If you’ve never been an extra in a film or TV show, it’s an interesting one-time experience, but incredibly dull.
A few years back, I was an extra for a day on the TV series “Early Edition” (CBS) for a bar scene. I got to the set (in Chicago) at 5AM, but did not make it on stage for six more hours. This is par for the course on film and TV sets (e.g. hurry up and wait), which makes me marvel that anything gets done at all. Anyhow, as personal gratuity for my lost time, I stole a prop—a ballcap—from a mock display case.

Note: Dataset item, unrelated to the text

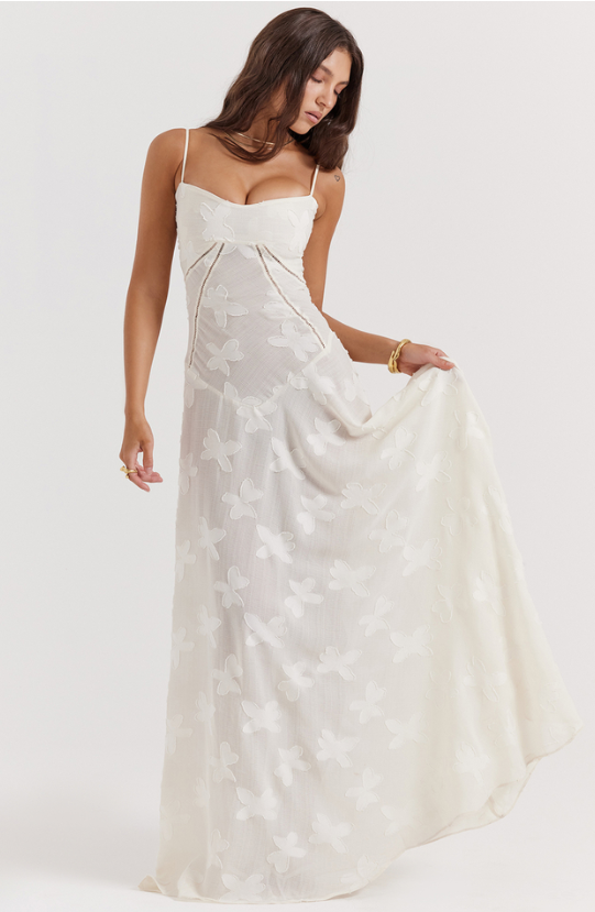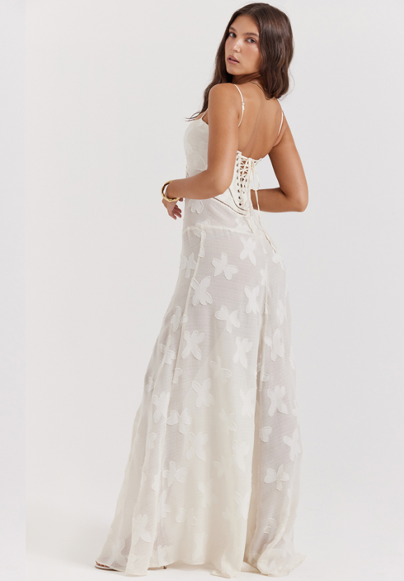 'Seren' is perhaps our most romantic dress yet and we're loving the corset inspired lace up back for a vintage feel. It's cut from a luxurious textured Jacquard in a vintage cream, embellished with floral blooms. 'Seren' features a delicate rouleau shoulder straps.

I also learned that Hollywood union boys have it sweet on set, enjoying tables piled up with snacks, and eating before any extra, who must sit and wait (again) for the crew to finish before stepping up to the Craft truck themselves. Yet not all was so bad: both the crew and stage manager were nice. Plus, it was fun to see the inner workings of TV production, and Kyle Chandler spectacularly flub his lines.
That is all.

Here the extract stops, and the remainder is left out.